Part VI. Striking Errors:
Ejection doubling
Definition: A form of widely offset, raised doubling that appears on the face struck by the anvil die.
The term “ejection doubling” was traditionally applied to minor smearing of the design generated by the anvil die. The idea was that the newly-struck coin resisted being pushed off the anvil die face by the ejector, causing the raised design elements to catch on the edges of the die’s recesses.
Since traditional ejection doubling is indistinguishable from minor slide doubling (a form of machine doubling), it was retired from use. Slide doubling results from lateral movement of either die at their moment of closest approximation or just as the hammer die is lifting off the surface of the coin.
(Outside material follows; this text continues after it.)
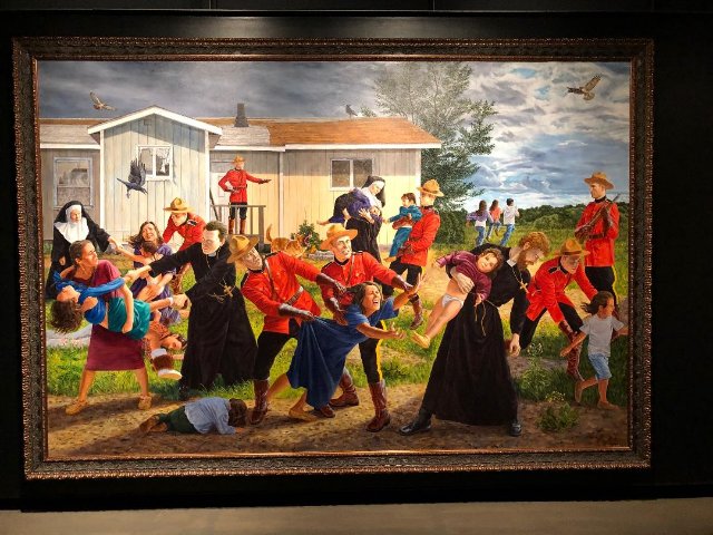 Monkman put Canada’s White Nation on trial depicting major incidents in epic paintings. He applied titles of famous international works, like The Scream by Edvard Munch and twisted the tableau. Here, the painting in near photo-realism depicts forced removal of children from their families or tribes (white terminology) by Christian monks and nuns, military and police forces. The painting’s violent crimes alert to the most penetrating inhuman sins by oppressor nations. Monkman, a Cree artist, uses direct, non-binary, sarcastic, sardonic, even humorous ways to get his messages across. Other titles of paintings regarded as European masterpieces: Death of the Virgin, The Massacre of the Innocents, The Subjugation of Truth and Le Petit dejeuner sur l’herbe have all taken on his specific messages. These paintings were finished between 2013 and 2017.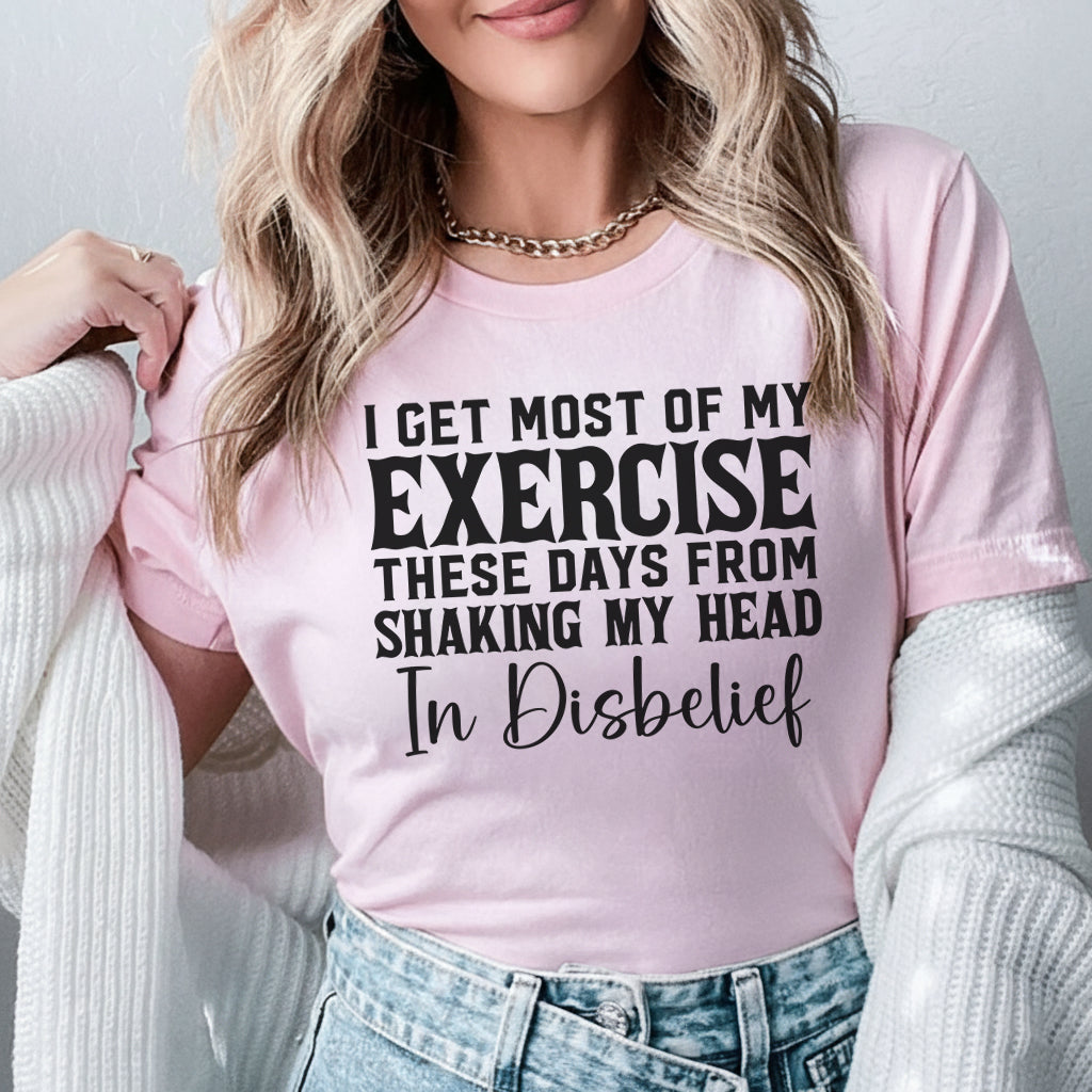 Funny, sarcastic, and perfectly relatable. The “I Get Most of My Exercise These Days From Shaking My Head in Disbelief” T‑shirt is for anyone who’s tired of nonsense but keeps surviving it with humor.

In 2022, ejection doubling was resurrected and applied to widely offset raised doubling that is not smeared and that appears on the face struck by the anvil die. The distance between primary and secondary design elements is too great to represent push doubling (another form of machine doubling) because the amount of play available between anvil die and collar is insufficient.
James Hitchcock discovered the 2008-P 5-cent “type specimen” that has been used to define this new form of doubling to which the old moniker “ejection doubling” has been applied.
The doubling appears on the obverse face, which was struck by the anvil die. A secondary, right-positioned eye is located 0.5 millimeters below the normal eye. The primary eye also shows close doubling that would have been classified as push doubling had the more distant eye not been present.
The gap between the primary eye and the distant secondary eye is too great to be explained by the recoil and lateral shift of the anvil die within a fixed collar. There are at least two possible explanations:
- It’s possible that, once the coin was pushed up out of the collar, both the anvil die and the collar shifted southward at the same time that the anvil die was recoiling from, and returning to, the coin’s reverse face. Delayed retraction of the hammer die may have been necessary to maintain resistance to the impact of the anvil die.
- The newly-struck coin adhered to the hammer die face and was carried along as the hammer die bounced upward, shifted laterally, and sank downward again. This allowed the lower face of the coin to make light, secondary contact with the anvil die. This scenario requires the coin to be free of the collar’s embrace but does not require movement of the anvil die or collar.